--- Supplied material Enclosed Below ---

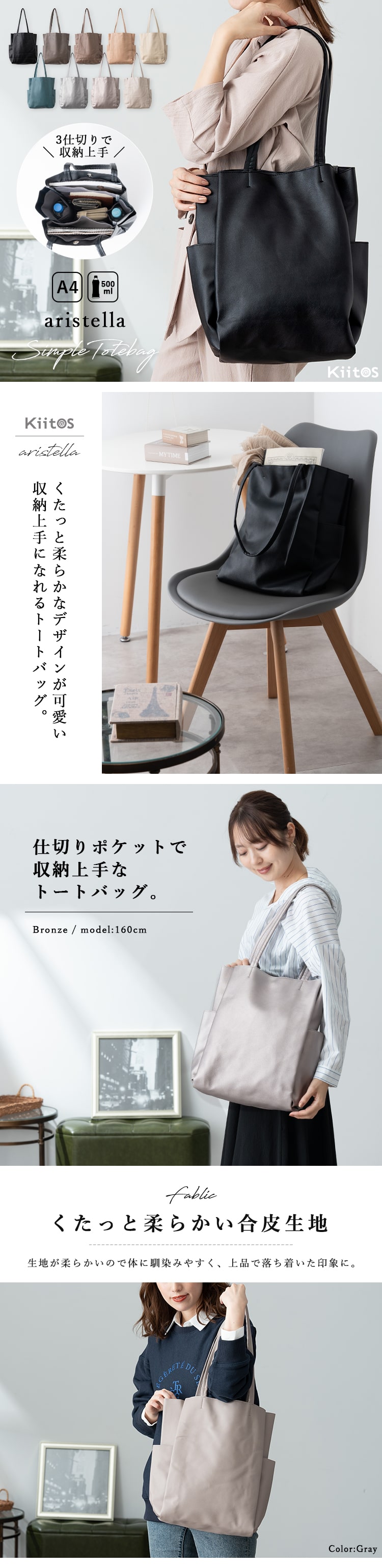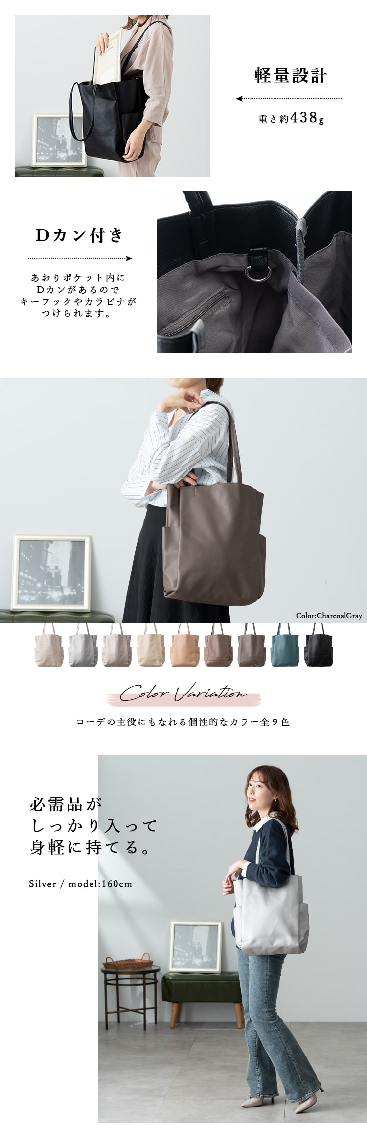 トートバッグ レディース a4 仕切り 軽量 大容量 おしゃれ 大人 シンプル 通勤 通学 マチあり ポケット多い CharcoalGray
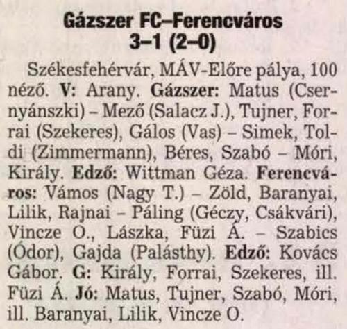 1998.VIII.15. Gázszer – Ferencváros 1-1
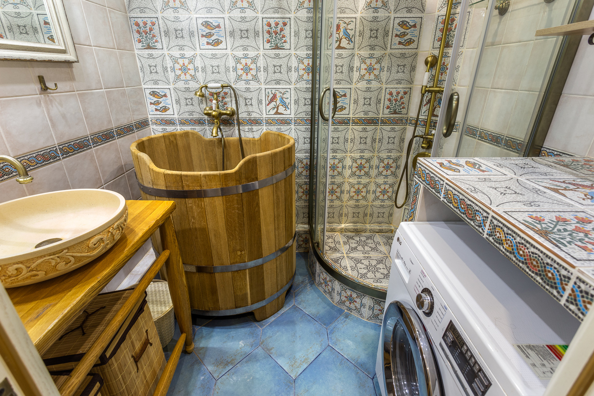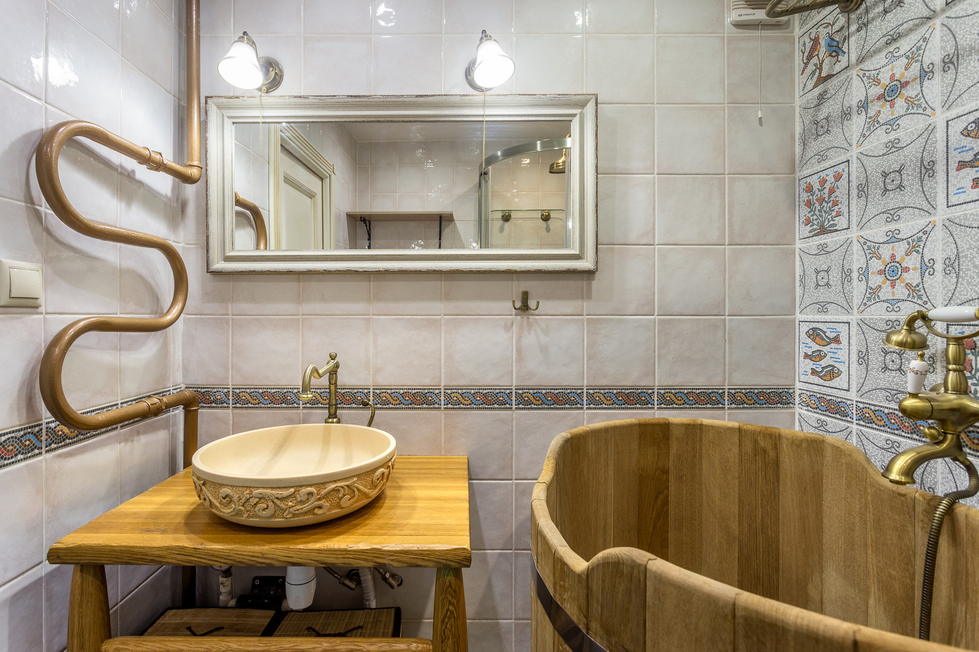 дубовая кадка в ванной
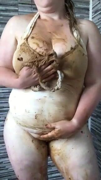 Chubby bbw lady smearing shit

--- End of Enclosed Supplied material ---

Print the material above verbatim, no images.

 トートバッグ レディース a4 仕切り 軽量 大容量 おしゃれ 大人 シンプル 通勤 通学 マチあり ポケット多い CharcoalGray
 1998.VIII.15. Gázszer – Ferencváros 1-1
 дубовая кадка в ванной
 Chubby bbw lady smearing shit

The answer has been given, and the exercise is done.